From the Departments of Neurology (N.S.) and Orthopedic Surgery (R.L.S.), Johns Hopkins University School of Medicine, Baltimore, MD; Departments of Psychiatry (N.N., S.M.), and Medicine (E.K.), Makerere University, Kampala, Uganda; Department of Neurology (K.R.), University of North Carolina, Chapel Hill, NC; Department of Internal Medicine (A.R.), University of Manitoba, Winnipeg, Canada; and Department of Neurology (D.B.C.), Washington University, St. Louis, MO.

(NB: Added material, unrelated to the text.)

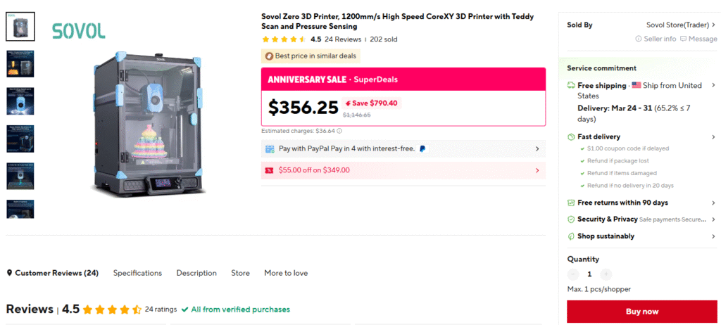 SOVOL Zero March 22, 2026 FDMAliExpress days 0 0 hours 0 0 minutes 0 0 seconds 0 0 Deal Score0 0 $301.25 Go To Store USAS55 Deal Score0 $301.25 Go To Store USAS55 Sovol Zero 3D Printer, 1200mm/s High Speed ​​CoreXY 3D Printer with Teddy Scan and Pressure Sensing $301.25 GO TO STORE Aliexpress Price after code USAS55 at checkout.
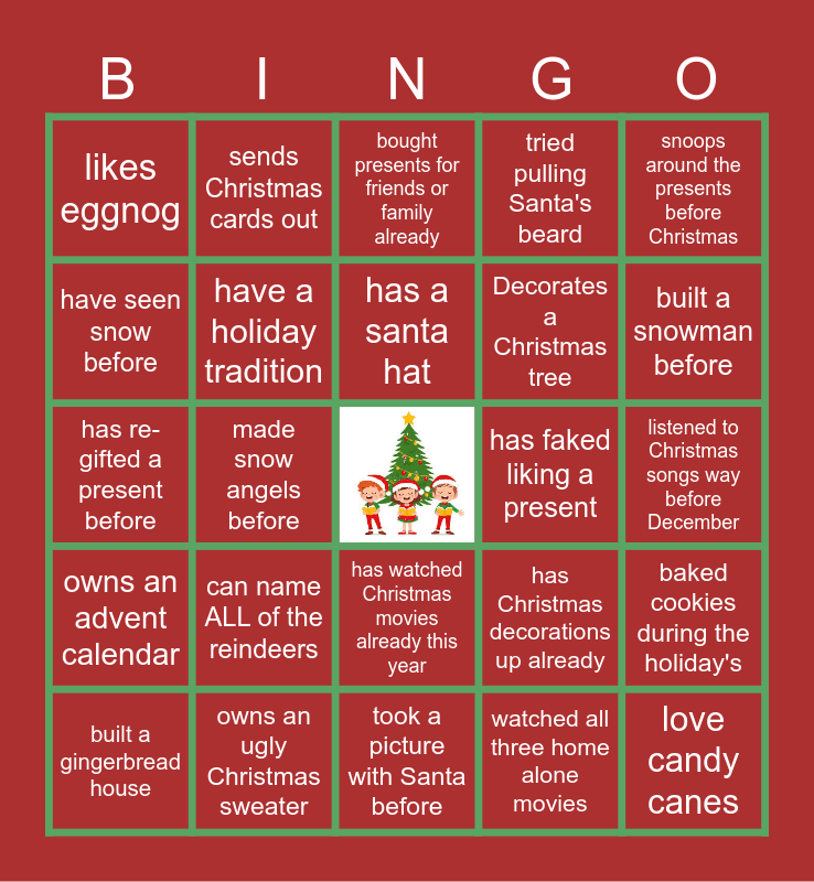 This bingo card has a free space and 24 words: can name ALL of the reindeers, owns an ugly Christmas sweater, has a santa hat, built a gingerbread house, snoops around the presents before Christmas, likes eggnog, have seen snow before, sends Christmas cards out, has faked liking a present, has watched Christmas movies already this year, Decorates a Christmas tree, has re-gifted a present before, has Christmas decorations up already, baked cookies during the holiday's, have a holiday tradition, watched all three home alone movies, listened to Christmas songs way before December, bought presents for friends or family already, built a snowman before, made snow angels before, love candy canes, owns an advent calendar, tried pulling Santa's beard and took a picture with Santa before.

Address correspondence and reprint requests to Dr. Ned Sacktor, Department of Neurology, Johns Hopkins Bayview Medical Center, 4940 Eastern Avenue, B Bldg. Rm. 123, Baltimore, MD 21224 sacktor{at}jhmi.edu

Background: The frequency of HIV dementia in a recent study of HIV+ individuals at the Infectious Disease Institute in Kampala, Uganda, was 31%. Coformulated generic drugs, which include stavudine, are the most common regimens to treat HIV infection in Uganda and many other parts of Africa.

Objective: To evaluate the benefits and risks of stavudine-based highly active antiretroviral therapy (HAART) for HIV-associated cognitive impairment and distal sensory neuropathy. The study compared neuropsychological performance changes in HIV+ individuals initiating HAART for 6 months and HIV– individuals receiving no treatment for 6 months. The risk of antiretroviral toxic neuropathy as a result of the initiation of stavudine-based HAART was also examined.

Methods: At baseline, 102 HIV+ individuals in Uganda received neurologic, neuropsychological, and functional assessments; began HAART; and were followed up for 6 months. Twenty-five HIV– individuals received identical clinical assessments and were followed up for 6 months.

Results: In HIV+ individuals, there was improvement in verbal memory, motor and psychomotor speed, executive thinking, and verbal fluency. After adjusting for differences in sex, HIV+ individuals demonstrated significant improvement in the Color Trails 2 test (p = 0.025) compared with HIV– individuals. Symptoms of neuropathy developed in 38% of previously asymptomatic HIV+ patients after initiation of the stavudine-based HAART.

Conclusions: After the initiation of highly active antiretroviral therapy (HAART) including stavudine, HIV+ individuals with cognitive impairment improve significantly as demonstrated by improved performance on a test of executive function. However, peripheral neurotoxicity occurred in 30 patients, presumably because of stavudine-based HAART, suggesting the need for less toxic therapy.

Abbreviations: AVLT = Auditory Verbal Learning Test; CES-D = Center for Epidemiologic Studies–Depression Scale; d-drug = dideoxynucleoside antiretroviral drug; GEE = generalized estimating equation; GP = Grooved Pegboard test; HAART = highly active antiretroviral therapy; HIV-SN = HIV-associated sensory neuropathy; IHDS = International HIV Dementia Scale; MSK = Memorial Sloan-Kettering; NA = not applicable; NS = not significant; SDMT = Symbol Digit Modalities Test; UCLA = University of California-Los Angeles; WHO = World Health Organization.


Supported by the Neurologic AIDS Research Consortium, which receives support from the National Institute of Neurological Diseases and Stroke (NS 32228), and MH71150.

Disclosure: The authors report no disclosures.

Received June 5, 2008. Accepted in final form October 1, 2008.